[Collection entries]
= = = =

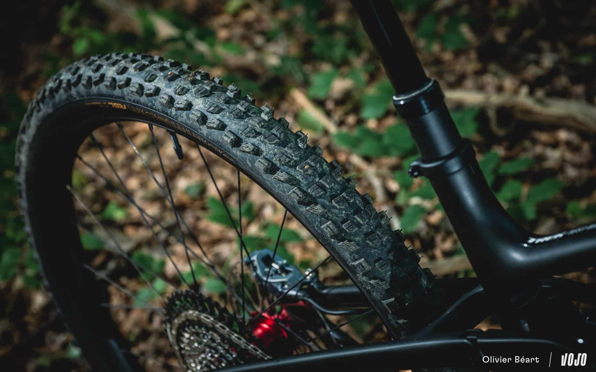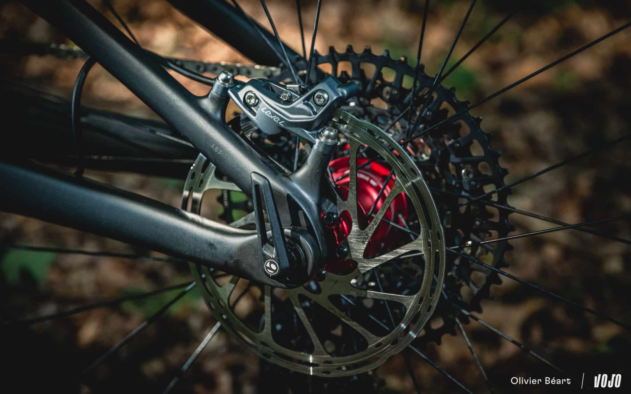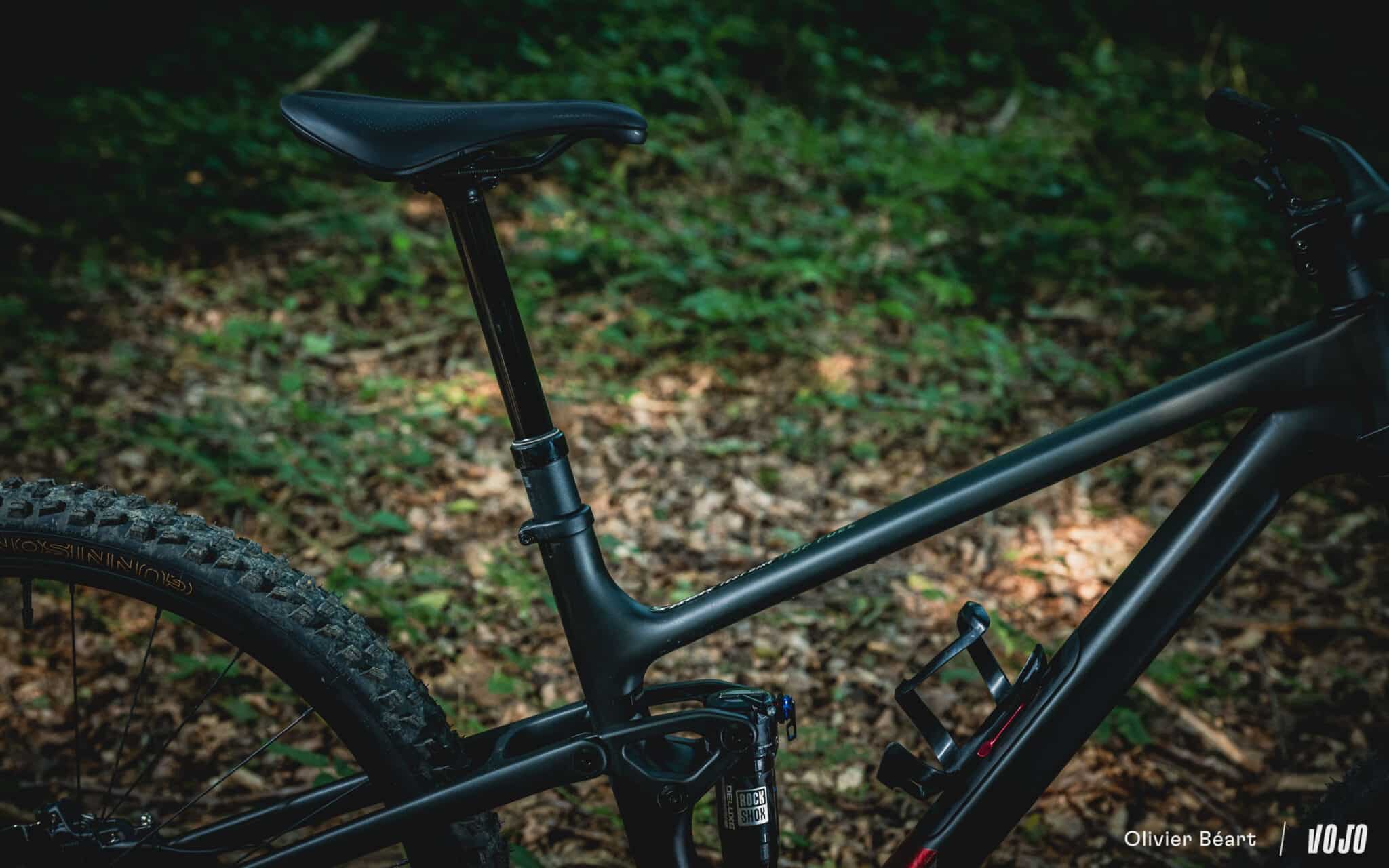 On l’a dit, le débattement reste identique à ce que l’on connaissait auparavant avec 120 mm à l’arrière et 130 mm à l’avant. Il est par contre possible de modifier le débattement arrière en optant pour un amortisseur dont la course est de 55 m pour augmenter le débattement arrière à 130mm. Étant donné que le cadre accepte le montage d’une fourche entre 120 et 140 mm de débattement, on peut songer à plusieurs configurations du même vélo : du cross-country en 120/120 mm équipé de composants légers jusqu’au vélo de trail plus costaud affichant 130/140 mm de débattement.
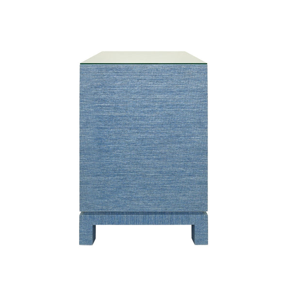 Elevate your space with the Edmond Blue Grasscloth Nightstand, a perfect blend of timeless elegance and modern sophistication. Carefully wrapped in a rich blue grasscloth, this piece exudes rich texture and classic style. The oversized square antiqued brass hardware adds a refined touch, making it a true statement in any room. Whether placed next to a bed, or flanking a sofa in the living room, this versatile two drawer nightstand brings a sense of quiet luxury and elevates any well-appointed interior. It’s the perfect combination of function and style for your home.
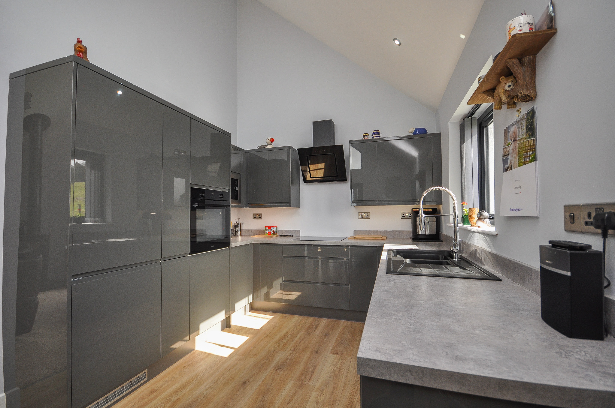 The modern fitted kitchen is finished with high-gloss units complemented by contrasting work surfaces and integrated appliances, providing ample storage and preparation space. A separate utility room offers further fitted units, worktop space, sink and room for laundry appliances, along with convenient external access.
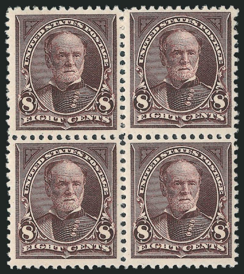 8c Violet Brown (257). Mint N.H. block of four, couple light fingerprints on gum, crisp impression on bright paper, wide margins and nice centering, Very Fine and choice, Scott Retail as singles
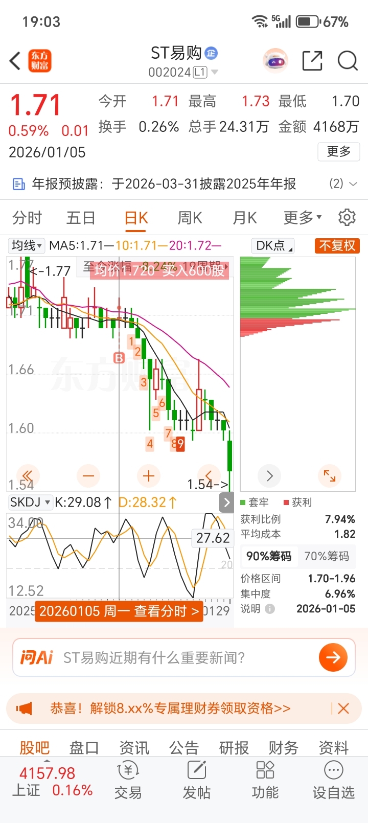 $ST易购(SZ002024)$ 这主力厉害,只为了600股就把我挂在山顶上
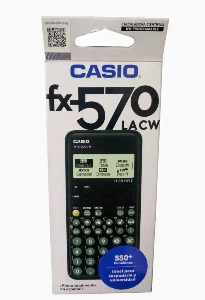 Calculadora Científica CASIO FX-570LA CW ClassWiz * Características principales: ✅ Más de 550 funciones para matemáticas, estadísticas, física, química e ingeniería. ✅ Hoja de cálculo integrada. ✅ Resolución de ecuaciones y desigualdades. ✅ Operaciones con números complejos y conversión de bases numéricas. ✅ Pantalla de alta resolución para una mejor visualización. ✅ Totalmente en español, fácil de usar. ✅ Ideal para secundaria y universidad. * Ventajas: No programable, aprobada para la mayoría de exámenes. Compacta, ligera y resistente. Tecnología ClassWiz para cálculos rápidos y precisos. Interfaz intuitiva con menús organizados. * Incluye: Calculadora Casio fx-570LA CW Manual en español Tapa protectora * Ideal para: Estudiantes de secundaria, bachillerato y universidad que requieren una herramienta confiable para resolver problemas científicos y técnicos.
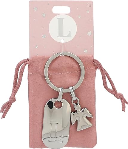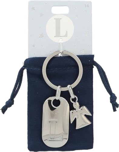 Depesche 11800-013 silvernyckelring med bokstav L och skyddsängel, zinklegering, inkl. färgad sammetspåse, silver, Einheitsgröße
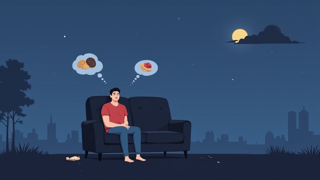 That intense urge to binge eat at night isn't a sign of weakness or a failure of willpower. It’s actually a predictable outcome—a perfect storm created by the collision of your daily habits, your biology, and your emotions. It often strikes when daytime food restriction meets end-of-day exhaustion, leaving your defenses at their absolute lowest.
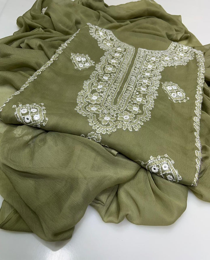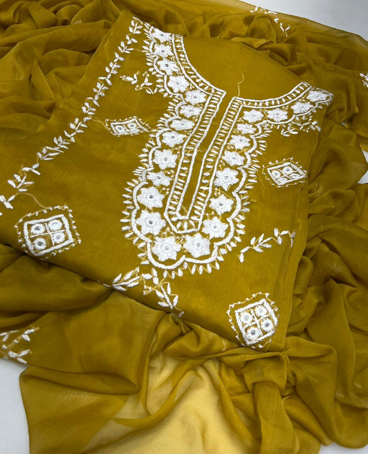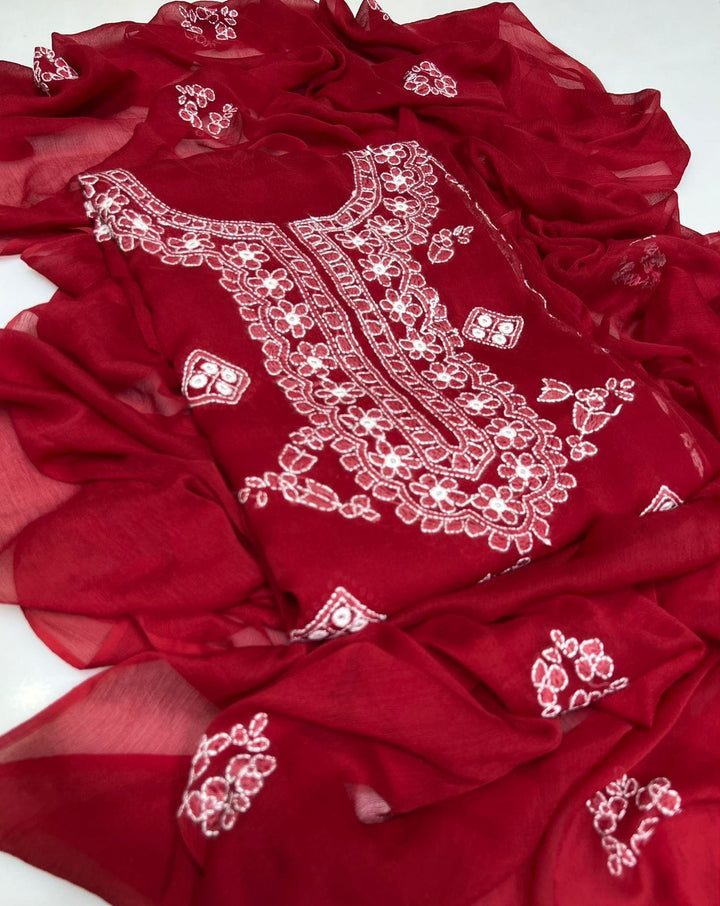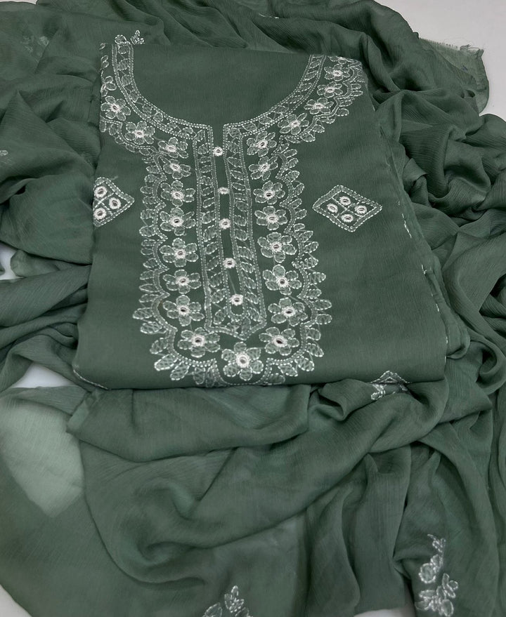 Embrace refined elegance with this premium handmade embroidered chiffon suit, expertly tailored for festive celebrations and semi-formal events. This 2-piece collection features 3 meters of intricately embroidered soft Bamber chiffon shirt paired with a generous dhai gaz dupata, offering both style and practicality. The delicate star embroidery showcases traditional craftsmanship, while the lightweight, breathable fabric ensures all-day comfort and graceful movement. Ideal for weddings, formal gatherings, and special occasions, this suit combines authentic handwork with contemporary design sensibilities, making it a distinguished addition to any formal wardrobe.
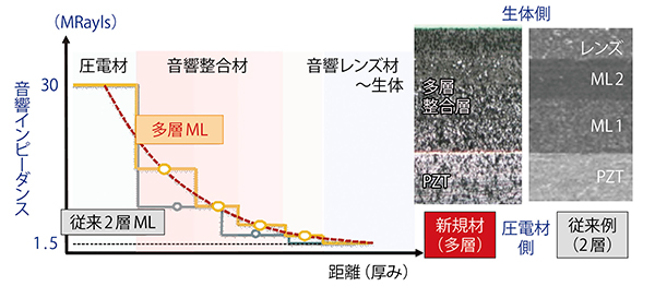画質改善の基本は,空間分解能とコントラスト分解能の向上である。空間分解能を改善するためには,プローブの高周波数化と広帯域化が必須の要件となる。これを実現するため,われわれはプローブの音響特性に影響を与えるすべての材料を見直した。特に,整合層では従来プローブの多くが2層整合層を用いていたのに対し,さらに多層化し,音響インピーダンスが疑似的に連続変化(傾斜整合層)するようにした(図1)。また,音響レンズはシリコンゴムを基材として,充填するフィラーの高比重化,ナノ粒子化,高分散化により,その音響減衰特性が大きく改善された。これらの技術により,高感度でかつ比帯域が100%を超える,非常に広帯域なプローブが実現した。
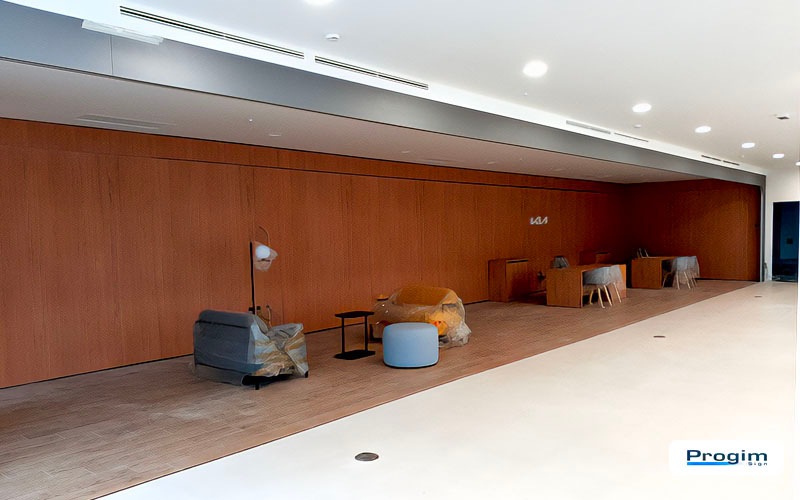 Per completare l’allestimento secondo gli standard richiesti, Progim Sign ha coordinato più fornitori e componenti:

= = = =

*Problem description*.
Starting at the line containing "Depesche 11800-013 silvernyckelring" and stopping at the line containing "画質改善の基本は,空間分解能", output each line exactly as it appears above. Leave out the pictures.

*Answer to this task*.
 Depesche 11800-013 silvernyckelring med bokstav L och skyddsängel, zinklegering, inkl. färgad sammetspåse, silver, Einheitsgröße
 That intense urge to binge eat at night isn't a sign of weakness or a failure of willpower. It’s actually a predictable outcome—a perfect storm created by the collision of your daily habits, your biology, and your emotions. It often strikes when daytime food restriction meets end-of-day exhaustion, leaving your defenses at their absolute lowest.
 Embrace refined elegance with this premium handmade embroidered chiffon suit, expertly tailored for festive celebrations and semi-formal events. This 2-piece collection features 3 meters of intricately embroidered soft Bamber chiffon shirt paired with a generous dhai gaz dupata, offering both style and practicality. The delicate star embroidery showcases traditional craftsmanship, while the lightweight, breathable fabric ensures all-day comfort and graceful movement. Ideal for weddings, formal gatherings, and special occasions, this suit combines authentic handwork with contemporary design sensibilities, making it a distinguished addition to any formal wardrobe.
画質改善の基本は,空間分解能とコントラスト分解能の向上である。空間分解能を改善するためには,プローブの高周波数化と広帯域化が必須の要件となる。これを実現するため,われわれはプローブの音響特性に影響を与えるすべての材料を見直した。特に,整合層では従来プローブの多くが2層整合層を用いていたのに対し,さらに多層化し,音響インピーダンスが疑似的に連続変化(傾斜整合層)するようにした(図1)。また,音響レンズはシリコンゴムを基材として,充填するフィラーの高比重化,ナノ粒子化,高分散化により,その音響減衰特性が大きく改善された。これらの技術により,高感度でかつ比帯域が100%を超える,非常に広帯域なプローブが実現した。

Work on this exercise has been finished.